▶ **Records shown**:
※ ※ ※
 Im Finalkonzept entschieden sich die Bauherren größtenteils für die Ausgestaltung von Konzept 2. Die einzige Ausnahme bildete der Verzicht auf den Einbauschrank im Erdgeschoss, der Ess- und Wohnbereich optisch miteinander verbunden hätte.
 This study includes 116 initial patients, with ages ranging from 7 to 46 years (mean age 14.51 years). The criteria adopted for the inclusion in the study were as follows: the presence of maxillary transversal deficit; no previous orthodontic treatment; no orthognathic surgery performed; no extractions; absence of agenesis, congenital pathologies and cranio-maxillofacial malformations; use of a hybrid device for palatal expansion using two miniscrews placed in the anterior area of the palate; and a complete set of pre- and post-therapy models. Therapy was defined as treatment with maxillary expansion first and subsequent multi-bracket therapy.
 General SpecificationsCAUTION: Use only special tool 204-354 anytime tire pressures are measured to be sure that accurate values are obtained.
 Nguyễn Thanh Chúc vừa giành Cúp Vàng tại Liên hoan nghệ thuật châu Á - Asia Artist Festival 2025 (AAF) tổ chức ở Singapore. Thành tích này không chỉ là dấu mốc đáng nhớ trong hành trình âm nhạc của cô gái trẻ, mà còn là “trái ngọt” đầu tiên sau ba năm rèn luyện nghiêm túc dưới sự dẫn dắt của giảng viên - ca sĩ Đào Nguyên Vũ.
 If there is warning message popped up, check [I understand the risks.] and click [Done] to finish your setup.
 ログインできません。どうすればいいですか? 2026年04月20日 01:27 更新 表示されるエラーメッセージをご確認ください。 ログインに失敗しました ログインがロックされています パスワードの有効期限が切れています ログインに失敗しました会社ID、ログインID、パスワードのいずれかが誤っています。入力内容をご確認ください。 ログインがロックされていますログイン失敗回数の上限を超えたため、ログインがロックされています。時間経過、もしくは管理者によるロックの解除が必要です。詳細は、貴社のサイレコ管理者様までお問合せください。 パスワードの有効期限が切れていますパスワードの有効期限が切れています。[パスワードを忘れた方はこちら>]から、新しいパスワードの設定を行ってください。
※ ※ ※
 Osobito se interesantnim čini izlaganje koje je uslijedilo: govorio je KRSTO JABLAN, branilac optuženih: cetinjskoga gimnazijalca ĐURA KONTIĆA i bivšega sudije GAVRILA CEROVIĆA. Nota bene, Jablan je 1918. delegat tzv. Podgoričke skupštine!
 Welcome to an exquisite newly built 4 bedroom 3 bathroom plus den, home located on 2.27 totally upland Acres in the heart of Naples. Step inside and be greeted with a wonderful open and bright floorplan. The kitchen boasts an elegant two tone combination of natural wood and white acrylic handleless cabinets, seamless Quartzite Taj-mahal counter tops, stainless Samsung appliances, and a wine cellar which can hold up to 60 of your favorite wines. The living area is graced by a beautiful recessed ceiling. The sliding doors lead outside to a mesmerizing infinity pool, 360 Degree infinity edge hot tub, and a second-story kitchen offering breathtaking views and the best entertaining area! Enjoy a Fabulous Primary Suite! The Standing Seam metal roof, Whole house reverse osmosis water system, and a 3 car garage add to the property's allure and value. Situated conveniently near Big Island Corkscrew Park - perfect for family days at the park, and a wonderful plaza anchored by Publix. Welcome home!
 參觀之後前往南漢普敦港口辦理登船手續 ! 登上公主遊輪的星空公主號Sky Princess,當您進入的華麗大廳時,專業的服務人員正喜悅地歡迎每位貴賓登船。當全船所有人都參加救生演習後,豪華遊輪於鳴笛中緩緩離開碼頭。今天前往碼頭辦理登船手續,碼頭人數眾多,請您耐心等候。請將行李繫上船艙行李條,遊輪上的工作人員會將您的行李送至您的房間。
※ ※ ※
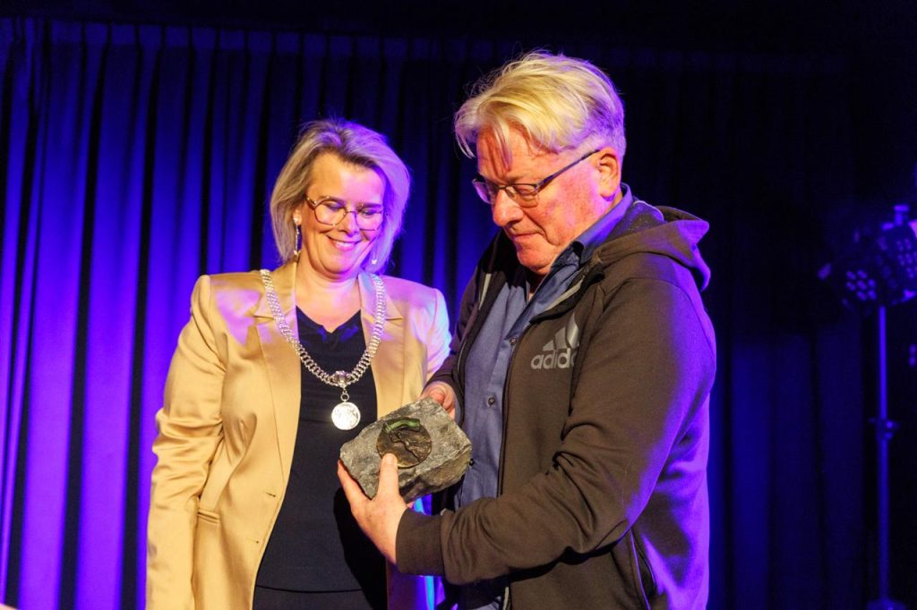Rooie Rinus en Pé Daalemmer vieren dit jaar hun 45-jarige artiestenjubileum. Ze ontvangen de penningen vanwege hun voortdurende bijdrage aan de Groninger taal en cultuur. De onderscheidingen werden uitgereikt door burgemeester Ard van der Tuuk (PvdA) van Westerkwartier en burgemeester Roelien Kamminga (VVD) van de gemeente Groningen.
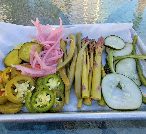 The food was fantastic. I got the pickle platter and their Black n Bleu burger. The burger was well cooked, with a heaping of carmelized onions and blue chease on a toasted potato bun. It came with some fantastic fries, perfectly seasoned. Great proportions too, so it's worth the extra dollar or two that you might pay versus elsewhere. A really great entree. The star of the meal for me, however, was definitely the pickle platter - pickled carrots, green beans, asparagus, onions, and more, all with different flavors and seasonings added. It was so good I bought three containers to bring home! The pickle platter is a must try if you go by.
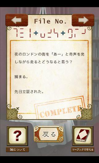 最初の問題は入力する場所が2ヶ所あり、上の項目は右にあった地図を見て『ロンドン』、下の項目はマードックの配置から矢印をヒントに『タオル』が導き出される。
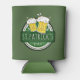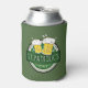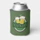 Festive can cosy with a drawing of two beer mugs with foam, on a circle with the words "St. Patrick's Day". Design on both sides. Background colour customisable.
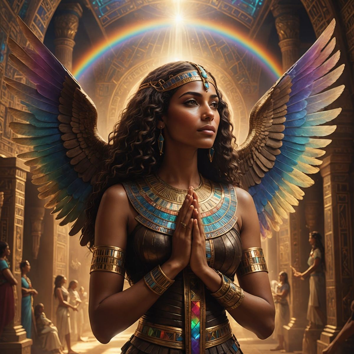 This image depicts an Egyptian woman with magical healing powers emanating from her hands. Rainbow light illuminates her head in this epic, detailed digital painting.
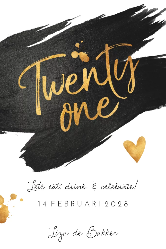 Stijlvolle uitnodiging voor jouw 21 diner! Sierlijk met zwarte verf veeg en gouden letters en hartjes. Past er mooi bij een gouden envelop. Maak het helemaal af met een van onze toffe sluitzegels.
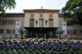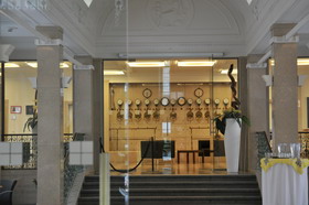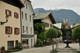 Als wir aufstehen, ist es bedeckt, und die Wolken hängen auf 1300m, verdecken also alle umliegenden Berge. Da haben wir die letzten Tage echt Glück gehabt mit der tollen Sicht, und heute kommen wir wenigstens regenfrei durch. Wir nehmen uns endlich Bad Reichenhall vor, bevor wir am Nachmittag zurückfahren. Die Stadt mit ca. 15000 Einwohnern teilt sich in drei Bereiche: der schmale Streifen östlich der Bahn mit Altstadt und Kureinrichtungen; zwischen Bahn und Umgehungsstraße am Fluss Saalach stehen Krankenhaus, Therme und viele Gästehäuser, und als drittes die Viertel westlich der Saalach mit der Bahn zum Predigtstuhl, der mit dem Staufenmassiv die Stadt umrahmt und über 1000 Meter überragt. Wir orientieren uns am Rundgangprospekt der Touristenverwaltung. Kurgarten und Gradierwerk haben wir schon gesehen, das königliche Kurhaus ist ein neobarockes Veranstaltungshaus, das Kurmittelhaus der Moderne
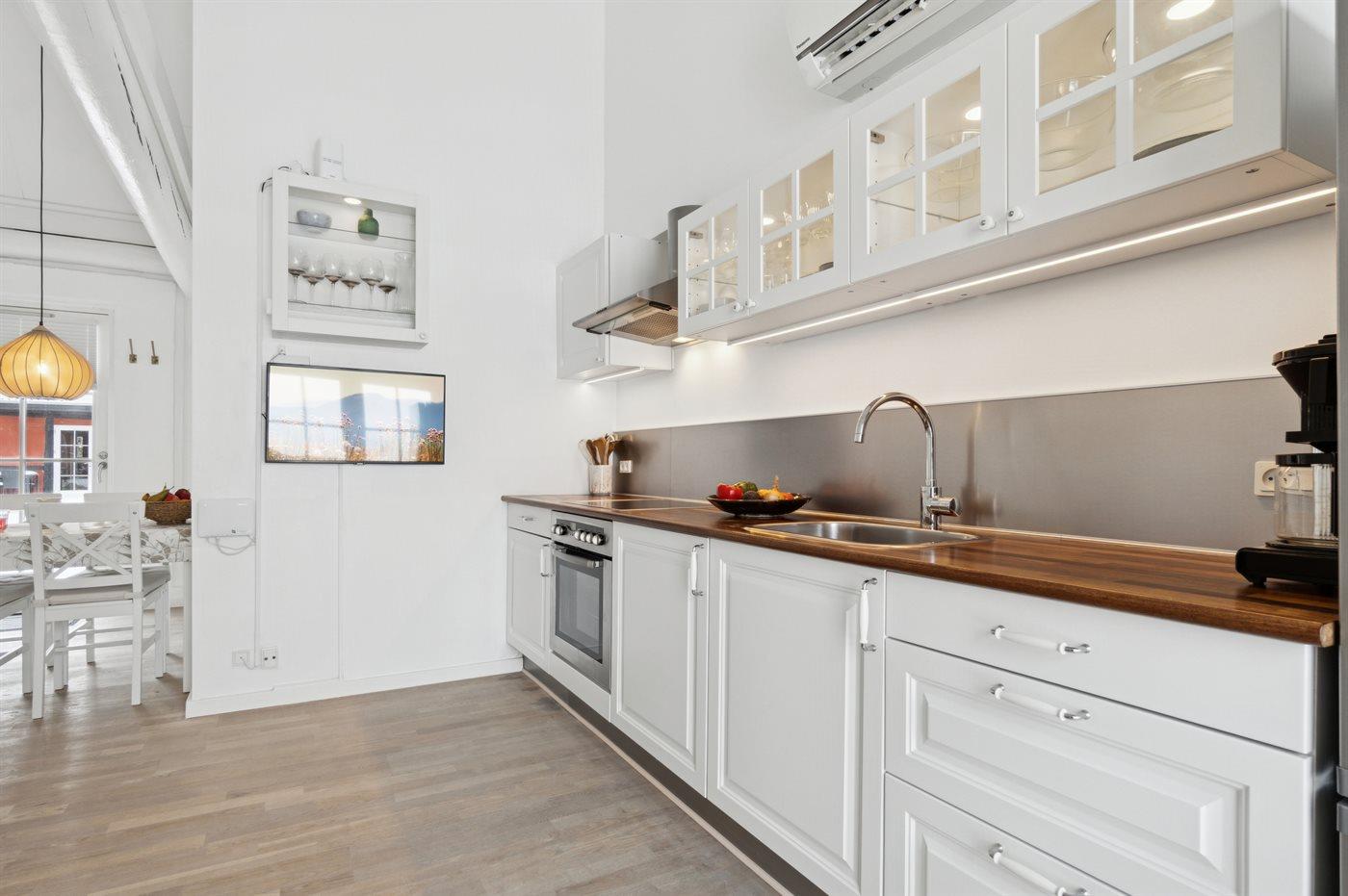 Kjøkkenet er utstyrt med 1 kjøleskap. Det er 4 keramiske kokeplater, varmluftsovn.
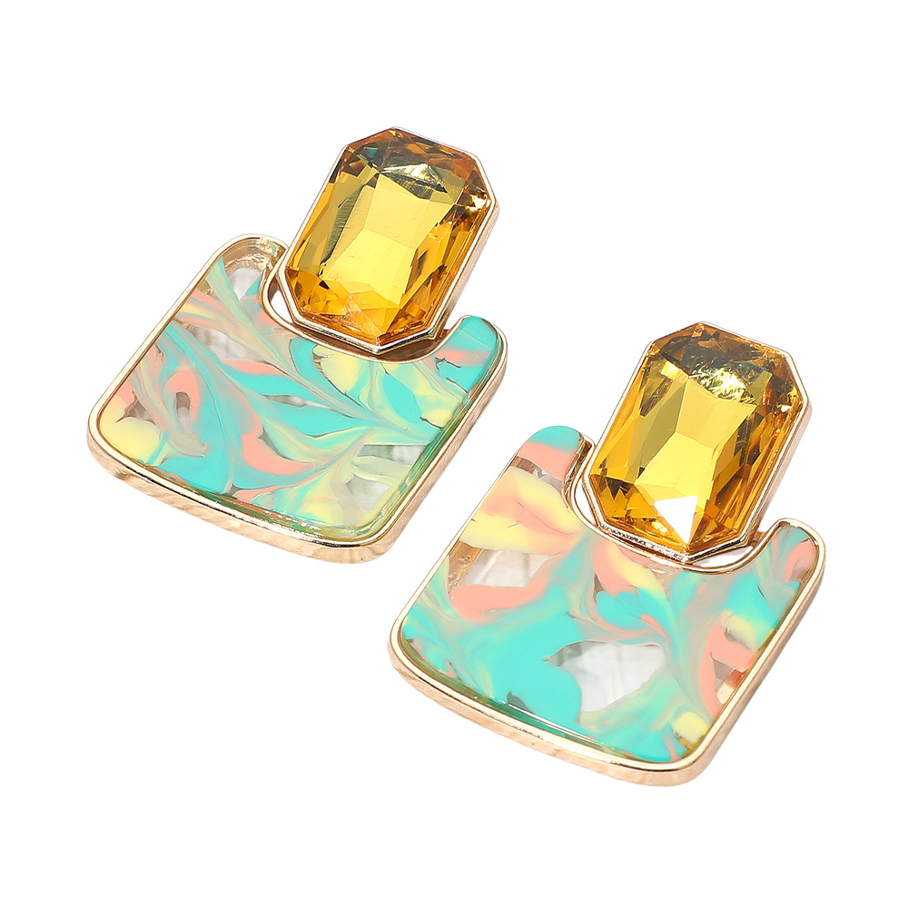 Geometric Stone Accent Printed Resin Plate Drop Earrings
※ ※ ※
Starting at the line containing "Festive can cosy" and stopping at the line containing "Geometric Stone Accent", output every line above exactly, both ends included, with pictures omitted.

 Festive can cosy with a drawing of two beer mugs with foam, on a circle with the words "St. Patrick's Day". Design on both sides. Background colour customisable.
 This image depicts an Egyptian woman with magical healing powers emanating from her hands. Rainbow light illuminates her head in this epic, detailed digital painting.
 Stijlvolle uitnodiging voor jouw 21 diner! Sierlijk met zwarte verf veeg en gouden letters en hartjes. Past er mooi bij een gouden envelop. Maak het helemaal af met een van onze toffe sluitzegels.
 Als wir aufstehen, ist es bedeckt, und die Wolken hängen auf 1300m, verdecken also alle umliegenden Berge. Da haben wir die letzten Tage echt Glück gehabt mit der tollen Sicht, und heute kommen wir wenigstens regenfrei durch. Wir nehmen uns endlich Bad Reichenhall vor, bevor wir am Nachmittag zurückfahren. Die Stadt mit ca. 15000 Einwohnern teilt sich in drei Bereiche: der schmale Streifen östlich der Bahn mit Altstadt und Kureinrichtungen; zwischen Bahn und Umgehungsstraße am Fluss Saalach stehen Krankenhaus, Therme und viele Gästehäuser, und als drittes die Viertel westlich der Saalach mit der Bahn zum Predigtstuhl, der mit dem Staufenmassiv die Stadt umrahmt und über 1000 Meter überragt. Wir orientieren uns am Rundgangprospekt der Touristenverwaltung. Kurgarten und Gradierwerk haben wir schon gesehen, das königliche Kurhaus ist ein neobarockes Veranstaltungshaus, das Kurmittelhaus der Moderne
 Kjøkkenet er utstyrt med 1 kjøleskap. Det er 4 keramiske kokeplater, varmluftsovn.
 Geometric Stone Accent Printed Resin Plate Drop Earrings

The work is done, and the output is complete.